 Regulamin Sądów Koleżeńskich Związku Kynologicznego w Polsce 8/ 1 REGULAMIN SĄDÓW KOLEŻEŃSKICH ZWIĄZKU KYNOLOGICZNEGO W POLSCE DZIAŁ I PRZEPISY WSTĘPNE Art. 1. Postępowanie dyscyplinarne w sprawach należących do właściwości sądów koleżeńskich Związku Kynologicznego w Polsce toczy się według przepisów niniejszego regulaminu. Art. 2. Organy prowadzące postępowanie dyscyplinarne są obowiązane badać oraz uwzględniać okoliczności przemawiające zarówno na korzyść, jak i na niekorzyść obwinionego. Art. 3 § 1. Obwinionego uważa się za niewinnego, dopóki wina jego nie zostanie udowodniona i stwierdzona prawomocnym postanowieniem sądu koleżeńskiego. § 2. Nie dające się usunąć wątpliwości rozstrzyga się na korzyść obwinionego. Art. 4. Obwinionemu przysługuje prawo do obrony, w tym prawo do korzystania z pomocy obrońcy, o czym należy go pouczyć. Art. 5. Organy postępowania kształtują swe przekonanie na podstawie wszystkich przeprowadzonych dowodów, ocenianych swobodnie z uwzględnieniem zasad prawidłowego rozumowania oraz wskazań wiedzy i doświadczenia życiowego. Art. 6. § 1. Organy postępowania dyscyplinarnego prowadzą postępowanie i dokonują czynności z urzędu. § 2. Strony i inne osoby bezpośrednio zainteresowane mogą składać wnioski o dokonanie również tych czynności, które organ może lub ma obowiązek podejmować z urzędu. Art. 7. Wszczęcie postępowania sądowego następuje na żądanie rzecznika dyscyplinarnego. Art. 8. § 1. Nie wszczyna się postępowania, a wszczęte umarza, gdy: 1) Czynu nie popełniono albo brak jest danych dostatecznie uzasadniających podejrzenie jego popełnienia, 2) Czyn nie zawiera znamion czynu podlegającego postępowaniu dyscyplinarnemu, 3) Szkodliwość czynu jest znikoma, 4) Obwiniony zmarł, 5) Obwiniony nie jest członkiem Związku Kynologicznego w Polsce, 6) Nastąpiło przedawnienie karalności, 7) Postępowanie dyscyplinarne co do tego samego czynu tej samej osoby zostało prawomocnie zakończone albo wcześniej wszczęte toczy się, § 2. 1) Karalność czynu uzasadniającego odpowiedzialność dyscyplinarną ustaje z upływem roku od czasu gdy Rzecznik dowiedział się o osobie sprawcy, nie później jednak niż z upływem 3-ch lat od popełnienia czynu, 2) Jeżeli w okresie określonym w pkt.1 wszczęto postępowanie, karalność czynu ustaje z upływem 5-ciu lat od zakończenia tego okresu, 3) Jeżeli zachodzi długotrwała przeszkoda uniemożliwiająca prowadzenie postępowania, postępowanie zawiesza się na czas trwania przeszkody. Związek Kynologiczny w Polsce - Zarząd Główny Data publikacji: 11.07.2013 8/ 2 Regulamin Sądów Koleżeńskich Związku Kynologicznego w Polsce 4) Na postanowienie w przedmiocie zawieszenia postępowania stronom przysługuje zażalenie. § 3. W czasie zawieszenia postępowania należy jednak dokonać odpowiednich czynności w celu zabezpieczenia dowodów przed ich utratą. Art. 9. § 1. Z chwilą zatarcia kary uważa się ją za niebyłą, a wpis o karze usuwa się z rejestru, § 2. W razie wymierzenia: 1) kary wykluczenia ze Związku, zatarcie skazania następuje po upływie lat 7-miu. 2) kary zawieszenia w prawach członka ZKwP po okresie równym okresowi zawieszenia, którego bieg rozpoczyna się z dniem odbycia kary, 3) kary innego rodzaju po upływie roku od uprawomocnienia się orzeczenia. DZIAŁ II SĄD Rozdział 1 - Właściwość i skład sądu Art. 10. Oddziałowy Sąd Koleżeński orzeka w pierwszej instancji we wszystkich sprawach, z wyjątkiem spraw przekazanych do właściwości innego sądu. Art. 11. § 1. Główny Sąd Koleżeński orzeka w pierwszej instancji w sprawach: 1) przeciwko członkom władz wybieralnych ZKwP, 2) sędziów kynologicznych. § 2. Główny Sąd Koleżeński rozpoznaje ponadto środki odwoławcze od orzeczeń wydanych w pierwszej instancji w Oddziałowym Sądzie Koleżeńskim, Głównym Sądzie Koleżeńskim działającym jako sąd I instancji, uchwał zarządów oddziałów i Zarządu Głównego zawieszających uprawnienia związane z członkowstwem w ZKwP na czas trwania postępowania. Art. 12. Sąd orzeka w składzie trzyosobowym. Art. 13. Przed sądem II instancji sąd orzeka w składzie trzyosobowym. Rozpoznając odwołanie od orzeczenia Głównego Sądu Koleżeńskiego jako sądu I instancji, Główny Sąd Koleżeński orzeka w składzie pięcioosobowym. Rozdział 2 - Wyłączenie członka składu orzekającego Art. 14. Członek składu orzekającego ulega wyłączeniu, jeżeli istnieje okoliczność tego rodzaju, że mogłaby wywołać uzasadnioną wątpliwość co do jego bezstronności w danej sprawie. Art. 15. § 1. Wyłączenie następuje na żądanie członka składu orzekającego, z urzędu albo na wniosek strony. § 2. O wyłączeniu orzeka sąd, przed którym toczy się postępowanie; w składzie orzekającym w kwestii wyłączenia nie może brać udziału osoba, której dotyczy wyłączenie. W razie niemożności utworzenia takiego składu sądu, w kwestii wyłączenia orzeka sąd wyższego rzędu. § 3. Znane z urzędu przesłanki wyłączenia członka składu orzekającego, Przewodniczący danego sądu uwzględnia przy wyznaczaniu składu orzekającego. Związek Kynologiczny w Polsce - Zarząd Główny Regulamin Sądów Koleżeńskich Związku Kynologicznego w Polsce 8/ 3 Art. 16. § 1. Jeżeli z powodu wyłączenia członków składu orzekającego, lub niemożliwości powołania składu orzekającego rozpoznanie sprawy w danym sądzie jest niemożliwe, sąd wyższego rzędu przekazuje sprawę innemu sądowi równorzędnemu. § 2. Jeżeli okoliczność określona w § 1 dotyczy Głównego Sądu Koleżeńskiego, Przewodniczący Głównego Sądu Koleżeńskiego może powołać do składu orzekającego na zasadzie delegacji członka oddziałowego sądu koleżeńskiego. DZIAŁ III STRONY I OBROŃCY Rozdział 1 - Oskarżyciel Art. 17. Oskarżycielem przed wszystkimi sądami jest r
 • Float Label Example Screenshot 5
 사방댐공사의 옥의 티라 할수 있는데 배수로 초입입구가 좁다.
┄┄┄┄┄┄┄┄┄┄
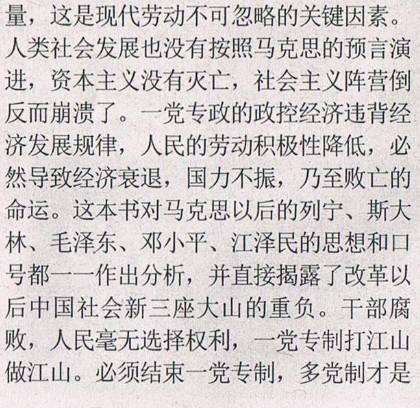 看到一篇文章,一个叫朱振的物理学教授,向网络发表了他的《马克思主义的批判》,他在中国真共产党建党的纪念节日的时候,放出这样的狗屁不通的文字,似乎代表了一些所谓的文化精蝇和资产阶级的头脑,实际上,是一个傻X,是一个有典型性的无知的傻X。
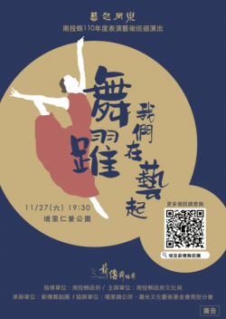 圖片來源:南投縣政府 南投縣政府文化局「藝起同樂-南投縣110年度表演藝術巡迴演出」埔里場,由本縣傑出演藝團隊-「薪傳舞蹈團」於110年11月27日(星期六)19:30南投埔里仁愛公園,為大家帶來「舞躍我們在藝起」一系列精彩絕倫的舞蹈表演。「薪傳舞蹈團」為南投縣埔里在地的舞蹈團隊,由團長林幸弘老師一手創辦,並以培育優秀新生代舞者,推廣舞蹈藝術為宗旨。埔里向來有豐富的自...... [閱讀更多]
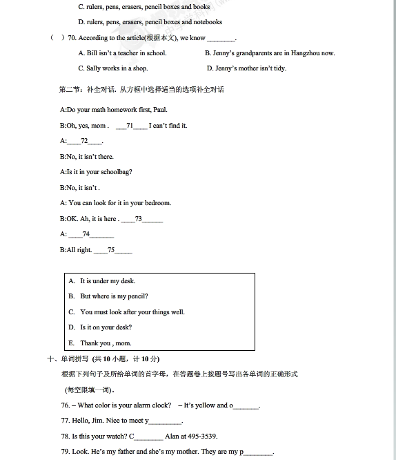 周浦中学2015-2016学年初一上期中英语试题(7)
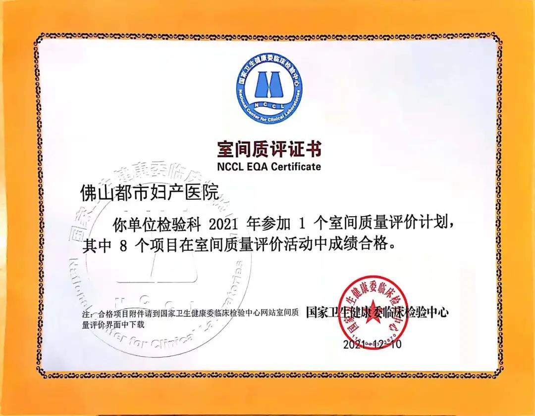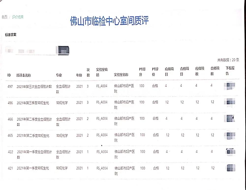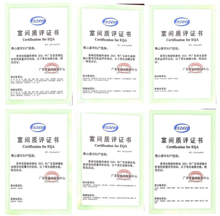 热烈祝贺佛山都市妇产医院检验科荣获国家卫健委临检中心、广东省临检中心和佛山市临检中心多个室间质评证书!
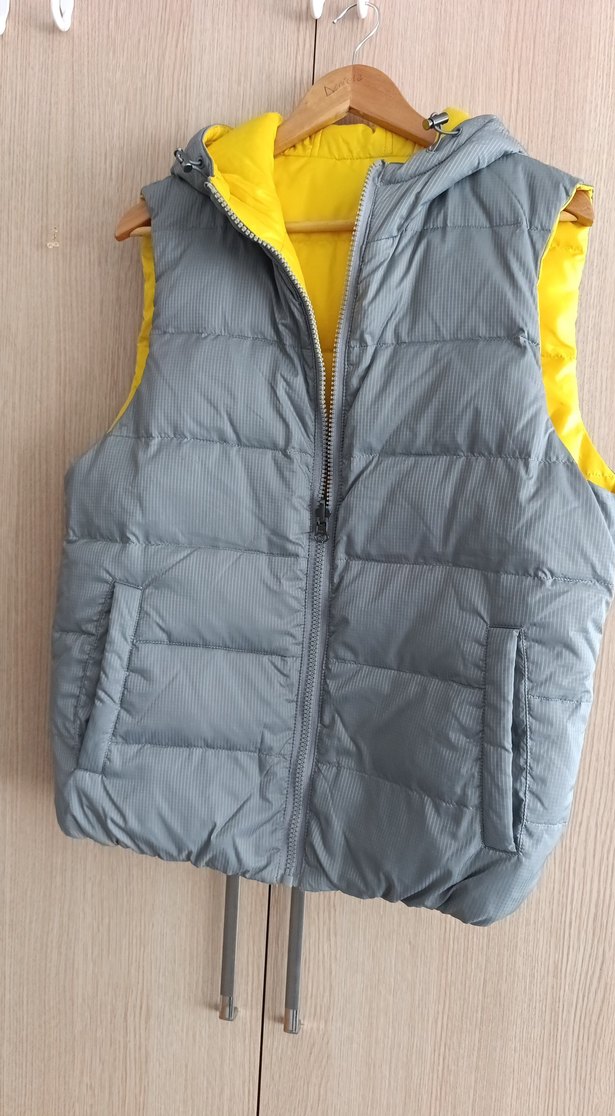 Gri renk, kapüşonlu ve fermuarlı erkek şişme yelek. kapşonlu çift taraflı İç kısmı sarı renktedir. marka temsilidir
┄┄┄┄┄┄┄┄┄┄
Exactly the lines above from the one that contains "热烈祝贺佛山都市妇产医院检验" down to the one that contains "Gri renk, kapüşonlu" are to be output, both ends kept and pictures omitted.

#### [Response box]
 热烈祝贺佛山都市妇产医院检验科荣获国家卫健委临检中心、广东省临检中心和佛山市临检中心多个室间质评证书!
 Gri renk, kapüşonlu ve fermuarlı erkek şişme yelek. kapşonlu çift taraflı İç kısmı sarı renktedir. marka temsilidir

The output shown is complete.